## DIRECTIONS FOR THIS TASK
Starting at the line that contains "華名キーロック、「タカちゃん", copy every line through the end of the records below exactly as written, leaving out pictures.

Dataset entries:

--*--

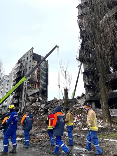 Рятувальники ДСНС України разом із волонтерами виконують титанічну роботу з розбору завалів та пошуку людей в Бородянці. Про це повідомляє МВС України.
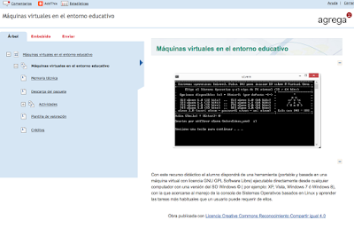 Desde el proyecto AGREGA 2 y la red de recursos educativos en abierto PROCOMÚN contamos con un recurso educativo que ofrece al alumno una herramienta portable, y basada en una máquina virtual con licencia GNU GPL Software Libre, ejecutable directamente desde cualquier computador con una versión del SO Windows ©, para el aprendizaje de los fundamentos de los comandos de consola básicos de Linux.Página de descarga en "Agrega 2"
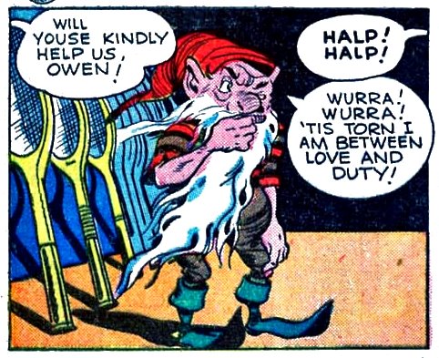 He was caught by a airplane when he was sleeping on the top of a tree. Coming in Gotham City, he was captured by a supertitious crook nicknamed "Super" Slade. Slade forced Owen, according with the very magic laws, to serve him. This was reflected in committing crimes. This caught the attention of Green Lantern and Doiby Dickles. Since Doiby looked a lot like his father, Rury, Owen thought the taxi driver was his uncle. The heroic duo was able to free the leprechaun, but as Owen always teasingly threatened to reveal the secret identity of Green Lantern, the Emerald Knight was forced to freeze the tiny magical being in his fireplace. He returned to mobility when his name was broadcast on the radio, and many children began to believe in his existence.
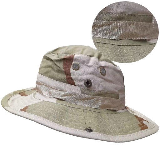 Kapelusz wojskowy wykony z bawełny i poliestru. Materiał wzmocniono siatką Rip Stop. Ponadto jest szybkoschnący, oddychający i lekki.
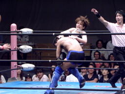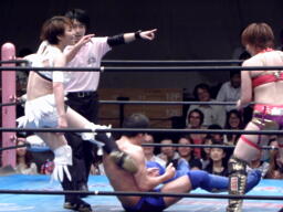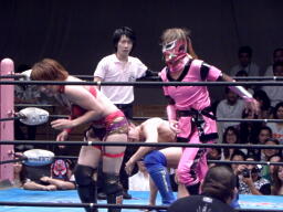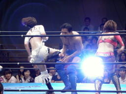 華名キーロック、「タカちゃん、カットして!」(右写真)冨宅動かない。乱丸が足を伸ばすとすぐそこにロープ華名サッカーボールキック、亜沙美にタッチ。。
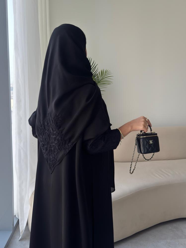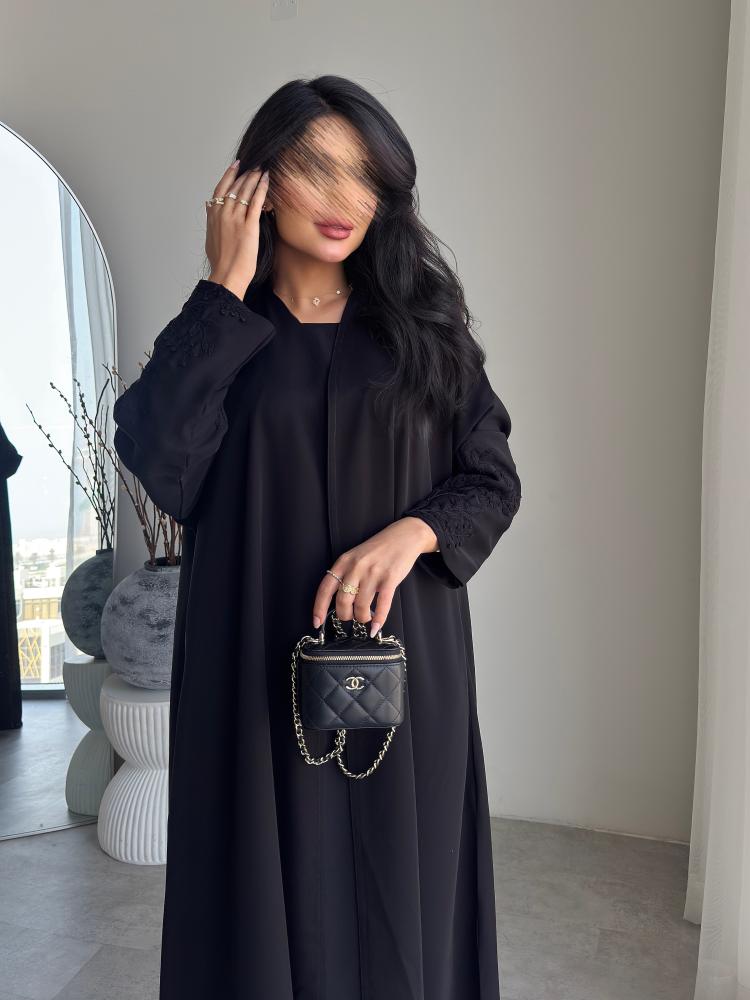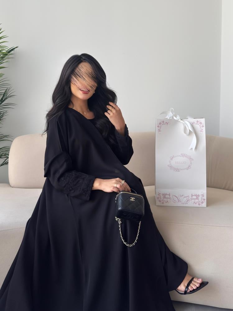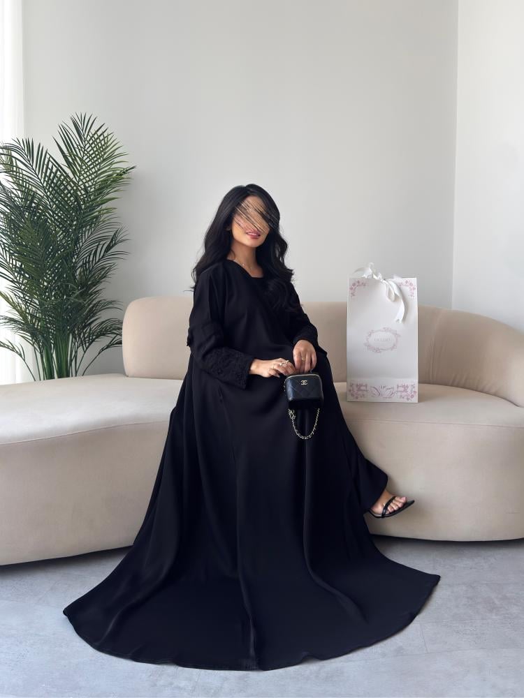 عباية بتصميم أنيق وسادة يمكن تنفيذها حسب اختيارك من الأقمشة والخامات المتوفرة، مع إمكانية إضافة تطريز يدوي بالأسود برسوم إضافية.

--*--

## ANSWER AREA
 華名キーロック、「タカちゃん、カットして!」(右写真)冨宅動かない。乱丸が足を伸ばすとすぐそこにロープ華名サッカーボールキック、亜沙美にタッチ。。
 عباية بتصميم أنيق وسادة يمكن تنفيذها حسب اختيارك من الأقمشة والخامات المتوفرة، مع إمكانية إضافة تطريز يدوي بالأسود برسوم إضافية.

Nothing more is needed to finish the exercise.